By the time you get registered as resident it will be time to apply to be deregistered and add to that it's nigh on impossible to get full no co payment health ins for less than 12 months

Despite what some might say the authorities have bigger fish to try than even bothering with a 1 month overstay


----------



## Localizer (Jun 23, 2016)

I can't think you'd be able to make any progress in that time frame that would actually work or be worthwhile.
Couple of thoughts though - make sure your travel insurance will cover you for a 120 day stay, some have limits. The reverse if true for your home insurance in the UK - make sure it covers you for a 120 day absence.
Anecdotally, some people have told me in this extended stay situation they carry a copy of their return ticket in their car glove box - when inside the 90 days to departure period - to show they actually are leaving the country if stopped and casually questioned on the roadside.

Other than insurance, I don't think you really have much to worry about that should affect your enjoyment of the 4 months - you'll be among many others who are doing the same.


----------



## snikpoh (Nov 19, 2007)

Colin13846 said:


> Normally stay for 3 months but going to try 4 months next winter. I’m retired in good health, with regular income and will have travel insurance as well as E111 card, renting a friends apartment.
> Exceeding 90 days which I haven’t done before, any suggestions on how to stay legal?


The rules are clear - if you are here for 90 days in one chunk and intend to stay for longer, then you must register.

In your case, as you don't intend making Spain your home there's no problem - you are perfectly legal.

By-the-way; The E111 was abolished about 12 years ago - it's now an EHIC.


----------



## Colin13846 (Oct 8, 2015)

snikpoh said:


> The rules are clear - if you are here for 90 days in one chunk and intend to stay for longer, then you must register.
> 
> In your case, as you don't intend making Spain your home there's no problem - you are perfectly legal.
> 
> By-the-way; The E111 was abolished about 12 years ago - it's now an EHIC.


I am aware of the 90 day rule and I have no desire to break the law hence the the reason for my original post with the final comment being “how to stay legal”
Your answer appears to state ‘the 90 day rule doesn’t apply in my case as I won’t be intending making Spain my home and there will be no problem and that I will be perfectly legal.’
I’m slightly surprised by your answer.
Thanks for pointing out that I am incorrectly referring to my EHIC as the old E111, at least it’s up to date!


----------



## CapnBilly (Jun 7, 2011)

snikpoh said:


> The rules are clear - if you are here for 90 days in one chunk and intend to stay for longer, then you must register.
> 
> In your case, as you don't intend making Spain your home there's no problem - you are perfectly legal.


Not sure I agree with your interpretation. This is the wording from the actual legislation

“.....estarán obligados a solicitar personalmente ante la oficina de extranjeros de la provincia donde pretendan permanecer o fijar su residencia...”

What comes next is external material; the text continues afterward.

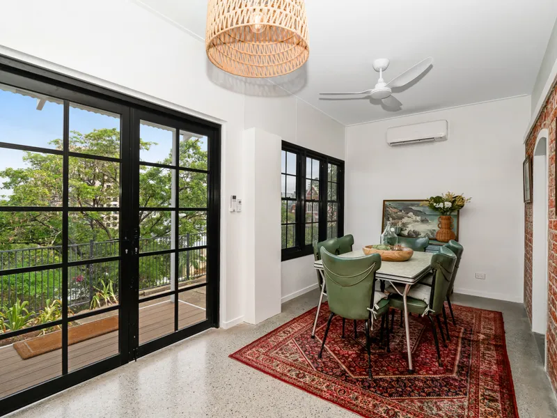 Renovated interiors featuring exposed brick, polished concrete floors, and curated décor

It seems pretty clear that if you stay longer than than 3 months, irrespective of whether you intend to make it your home or not, then you are required to register. Failure to do do could mean that you could be liable for a fine, although I have never seen any reports if these.


----------



## snikpoh (Nov 19, 2007)

CapnBilly said:


> Not sure I agree with your interpretation. This is the wording from the actual legislation
> 
> “.....estarán obligados a solicitar personalmente ante la oficina de extranjeros de la provincia donde pretendan permanecer o fijar su residencia...”
> 
> It seems pretty clear that if you stay longer than than 3 months, irrespective of whether you intend to make it your home or not, then you are required to register. Failure to do do could mean that you could be liable for a fine, although I have never seen any reports if these.

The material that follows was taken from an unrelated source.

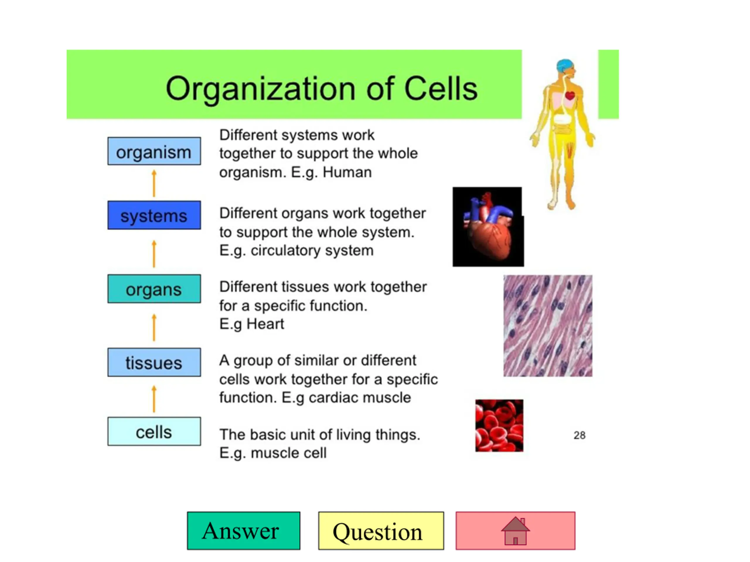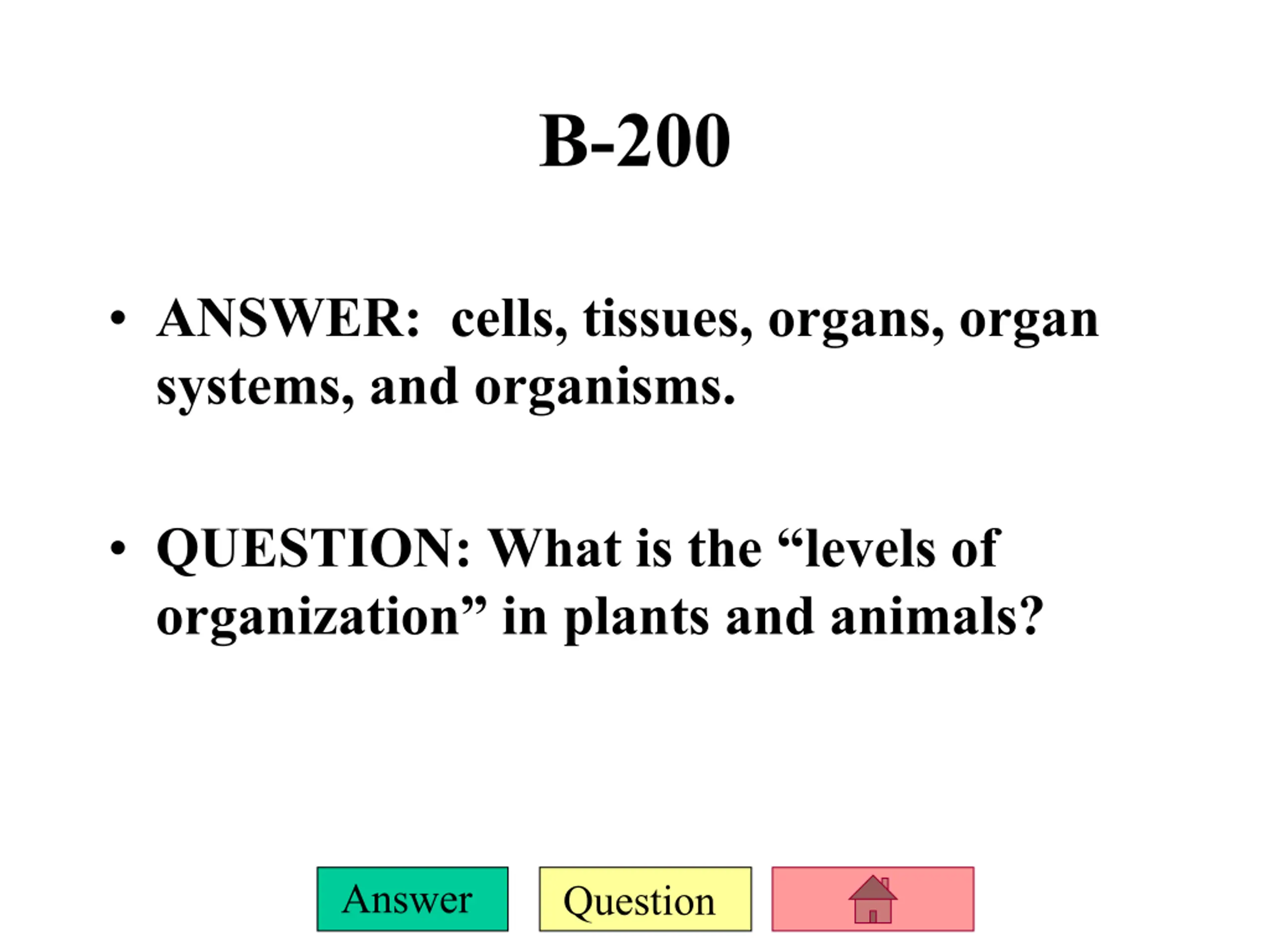 B-200 ANSWER: cells, tissues, organs, organ systems, and organisms. QUESTION: What is the levels of organization in plants and animals? Answer Question

What you have posted, in Spanish is exactly the case. The key being "... de la provincia donde pretendan permanecer o fijar su residencia" Meaning "...of the province where they intend to remain or fix their residence.

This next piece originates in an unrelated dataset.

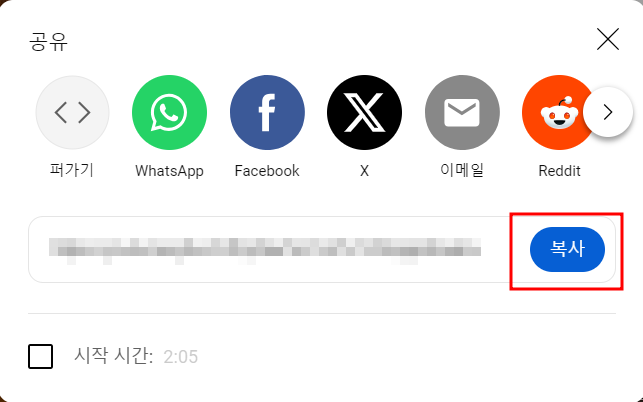 1. 동일한 방법으로 내가 원하는 동영상에서 공유를 누르신 후 링크를 복사 진행 합니다.

Residence means "A residence is an establishment where it was originally or currently being used by a host as their main place of dwelling".

Clearly this is not the case as they are not intending to stay here.

QED!


----------



## CapnBilly (Jun 7, 2011)

snikpoh said:


> What you have posted, in Spanish is exactly the case. The key being "... de la provincia donde pretendan permanecer o fijar su residencia" Meaning "...of the province where they intend to remain or fix their residence.
> 
> Residence means "A residence is an establishment where it was originally or currently being used by a host as their main place of dwelling".
> 
> ...


I don’t disagree with your interpretation of residence, but that you consider there is only one action (fix their residence) whereas I read it as two, (where they are staying OR fixing their residence)

The Your Europe page of the EU confirms this interpretation

“In all of these cases, you must still register with the Central Register of Foreign Nationals (Registro Central de Extranjeros), no later than 3 months after arriving in Spain.” Note the word arriving, with no qualification of intention.

This is the same wording as the EU Directive, on which the Spanish legislation is based.

NB in all cases refers to how you can qualify, so employment, personal resources etc.


----------



## Leper (May 12, 2010)

It's no big deal staying in Spain for a month over the 90 days. I know people who are without residentia residing in Spain for more than 90 months. Like somebody pointed out earlier there are bigger fish in the sea for Policíá de la Frontera to seek. OK! we're all law abiding people and an extra four weeks in the sun is hardly an issue that will have armed police with sharp shooters outside the door of your apartment. By staying 25% longer you're spending 25% more. Most recognize this and believe me the Spanish economy needs your money and no better people to drain the last bob from you and they'll smile in the process too. We're all Europeans in the EU, you know!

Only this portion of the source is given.